The Gift Of Darkness is the first in the series and how it all came together the way it did still surprises me, the way you’re surprised when you arrive where you wanted to go by a route you didn’t know existed. 

Many years ago I was working on location in Scotland as an assistant editor on a film that was being shot in a tiny village north of Inverness.  The village was really only three cottages and a pub on the bank of a loch which meant that every evening – after a frantic day getting everything ready – we would drive the rushes shot the previous day up to the set from Inverness; we would then project them on a mobile 35mm film projector that a harried technician had taught us how to use in half an hour back in London weeks earlier.

It was my first time in Scotland and I loved all of it, from the long, exhausting days to the bewildering orange cheese. And yet my favourite part was those drives in the highlands at dusk, 1.5 hours each way every night.  In the darkness the beam of the headlights would sweep the twisting road and the eyes of a herd of deer would flash in the pitch black woods. Wonderful.

At the time I was playing around with an idea for a crime fiction novel: a police officer proves a criminal innocent of a terrible murder and becomes the unwilling recipient of the criminal’s gratitude.  I had read a lot of Patricia Cornwell, Walter Mosley and Thomas Harris and I wanted to examine the relationship between the two characters.  It was no more than a floating idea that I seemed to keep going back to without finding a way to anchor it to anything.  One week in Scotland changed all that: suddenly the long drives had shown me a wilderness that just had to be part of the story – in fact it was going to be the key in the contrast between the London detective and the Scottish criminal.  I didn’t have much but by the end of the film’s shoot at least I had the ember of a beginning and two intriguing locations.

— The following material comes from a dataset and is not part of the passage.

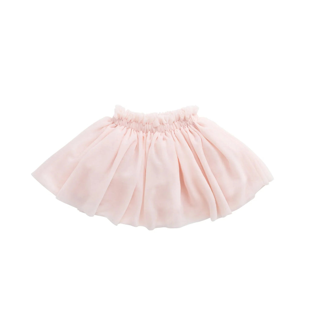 The Lilah Skirt in Soft Misty Rose is a dreamy tulle piece designed to bring a touch of elegance and playfulness to your little one’s wardrobe. With its soft pink hue and gentle volume, this skirt is perfect for twirling through special occasions or adding a whimsical flair to everyday outfits.

Back in the London cutting room putting film trims away could be quite a mechanical affair and half of my mind was generally on the book.  It was to be the story of a murder in London and the link to a 25-year-old kidnapping in Scotland.  The first chapter started with a stake-out in Soho, an area I knew really well.  And that was when I realized that Soho didn’t work for the story at all – in fact London itself didn’t work. In spite of knowing how the light changed on certain buildings during the day and how the air smelled in a particular road first thing in the morning, this familiarity was not translating well into the novel.  Scotland, with its relentless beauty, was still perfect but I had lost my main location.

Years earlier I had gone on a family holiday to Seattle in Washington State and fallen in love with it: it’s a vibrant city on the West Coast two and a half hours south of the Canada border; it’s on the water but very close to the mountains. The highlands and the deep woods in Scotland are very similar to the landscape around Washington State, including the proximity of water, lakes and islands.  If anything the wilderness near Seattle is more extreme, harsh and striking, often dangerous.   

I can’t remember exactly the moment that I decided to switch the location just the feeling that since no one was waiting for this book and I was writing it entirely for myself I should take a leap of faith and follow my instinct – whatever the difficulties.  All I can say is that from the first word on the page it felt absolutely right.

Seattle has informed the story and the characters; the wilderness that lies almost at the city’s  edge has colored the tale as if it was pushing against those neat and ordered lives.  In that wilderness anything can happen – I see shady woods and glaciers, temperate rainforests and mountain tops, isolated beaches covered in drift wood that are difficult to find in our mostly civilized European terrain.  The most enduring development though is that my characters have been shaped by the proximity of that wilderness as if something a little feral has stayed with them in spite of their urban lives and polite concerns, and that is the life blood of crime fiction.